UW-Whitewater Helps Garner MAP Fund Grant for Native American Composer Brent Michael Davids

UW-Whitewater’s Robert Gehrenbeck and Rebecca Mueller

(Whitewater, WI) UW-Whitewater is proud to announce the award of a MAP (Multi-Arts Production) Fund grant for Native American composer Brent Michael Davids. The grant application was coauthored by Davids and UW-Whitewater Associate Professor of Music, Robert Gehrenbeck, with assistance from Rebecca Mueller in the Office of Research and Sponsored Programs. UW-Whitewater will serve as David’s official sponsor for the MAP grant, which totals $12,500. 

Davids is one of the nation’s most celebrated Native American composers, with a career spanning forty-three years, including commissions from the Joffrey Ballet, the Kronos Quartet, the National Symphony Orchestra, and Chanticleer. An enrolled member of the Stockbridge-Munsee Band of Mohican Indians, Davids currently resides on the Mohican reservation in northern Wisconsin, between Green Bay and Wausau.

The MAP Fund grant will allow Davids to continue to compose a large work for singers, choir, and orchestra, Requiem for America: Singing for the Invisible People . Begun in 2016, this 90-minute,​ secular ‘anti-Requiem,’ gives voice to America’s invisible people: the American Indians. An interdisciplinary performance work, REQUIEM FOR AMERICA places indigenous voices front and center, with a mission of outreach and community-building that is central to each performance. REQUIEM FOR AMERICA aims to shine a light on historic injustices but at the same time to model and to create solutions in the present, by building collaborative relationships with indigenous artists throughout the country. What makes this project unique is the recruitment of Native American singers, from local tribes and individuals, to perform center stage. As the nucleus of the work in performance, indigenous singers embody the interaction between native and non-native musicians and communities that is at the heart of this project.

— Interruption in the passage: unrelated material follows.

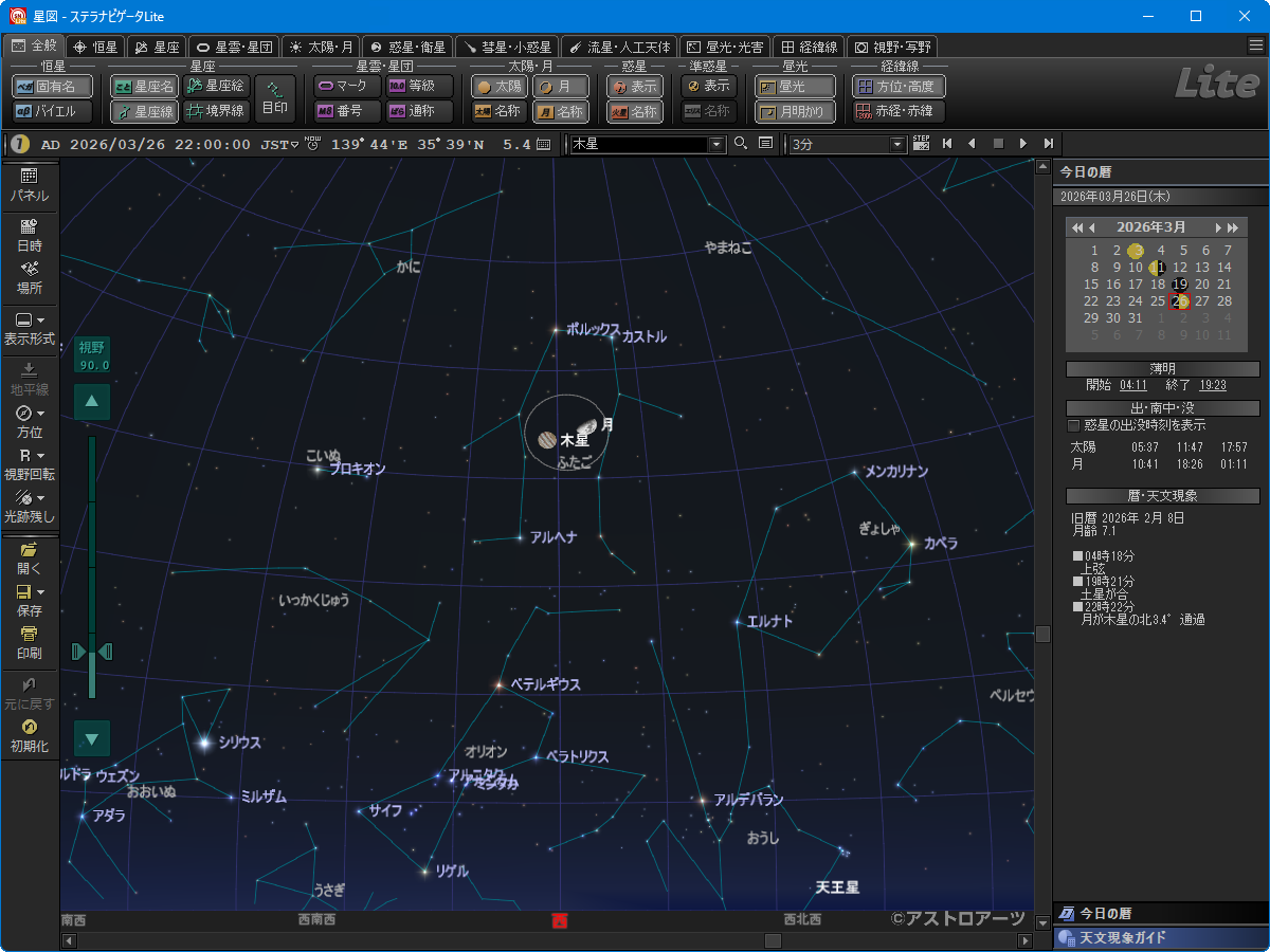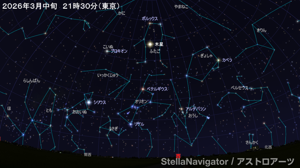 2026年2月中旬 22時の空(東京)。画像クリックで表示拡大(ステラナビゲータで星図作成)。

A growing consortium of national partners are committing to perform REQUIEM, with the ultimate goal of presenting the work in every state of the nation, collaborating with the local tribal communities for every performance. Each time REQUIEM is performed, the musicians, American Indians and audiences will cultivate new friendships. By joining forces, each performance hopes to build good relations with, and foster greater insights from, America’s first inhabitants.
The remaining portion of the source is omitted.